Growth Worries Hit Early, with the GBP and Brexit Still in the Spotlight
It’s risk off early in the day, growth forecast revisions by the IMF and central banks coming amidst softer GDP numbers. · FX Empire

In This Article:

Earlier in the Day:

There were no material stats released through the Asian session this morning to provide the markets with direction and, with the U.S markets having been closed on Monday, recent economic data out of the region and direction from the U.S futures influenced early on.

At the time of writing, the Japanese Yen was up 0.23% to ¥109.42 against the U.S Dollar, the gains driven by risk sentiment, as the Asian equity majors follow the U.S futures into the red through the early part of the day.

The Aussie Dollar saw bigger losses early on, down 0.34% to $0.7135 while the Kiwi Dollar was down by just 0.12% to $0.6724.

Following softer growth figures out of China on Monday and out of South Korea this morning, sentiment towards the economic outlook continues to plague the markets. On one side, an end to the trade war would support a pickup in economic activity, with a shift in central bank policy outlooks to the more dovish side also a positive. On the flip side, the slowdown in growth has not been immediate and has been evident for a number of quarters, which suggests that it hasn’t just been down to the U.S – China trade war.

In the equity markets, it was red for the majors, with the Hang Seng leading the way down, with a loss of 1% at the time of writing. The CSI300 and ASX200 were not far behind, with losses of 0.87% and 0.65%, with the Nikkei was down by 0.54%.

The Day Ahead:

For the EUR, following a quiet start to the week, on the data front, economic data scheduled for release this morning includes January economic sentiment figures out of Germany and the Eurozone.

Softer than forecasted numbers will likely weigh on the EUR, with the IMF and the Bank of Italy cutting growth forecasts at the start of the week.

On Monday, the IMF cut its global growth forecasts for this year and next, with 2019 growth cut by 0.2% to 3.5% for 2019 and by 0.1% to 3.6% for 2020, the cuts coming off the back of growth forecast cuts that had been made back in October.

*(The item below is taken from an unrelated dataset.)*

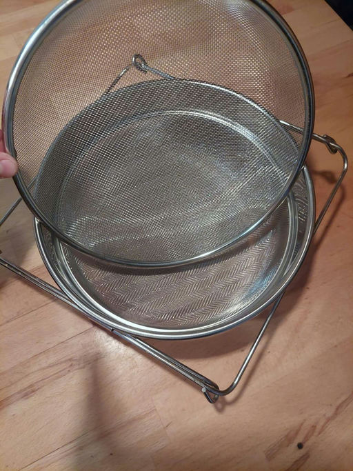 Das Doppelsieb besteht oben aus einem gröberen und einem feinen Sieb. Im oberen, gröberen bleiben größere Wachsreste hängen, mit dem unteren werden auch feine Teilchen ausgesiebt. Da das Sieb relativ schnell verschmutzt und somit „verstopft“, muss es mehrmals getauscht bzw. gereinigt werden.

While the U.S – China trade war was one of the key contributing factors to the downward revision, weakness in the German auto sector was also highlighted, as was weaker domestic demand in Italy.

At the time of writing, the EUR was up 0.04% to $1.1369, with today’s stats, updates on Brexit and chatter from the Oval Office to provide direction.

For the Pound, economic data scheduled for release this morning includes November wage growth and unemployment rate numbers along with December’s claimant count. We will expect wage growth and claimant count numbers to have the greatest influence on the data front.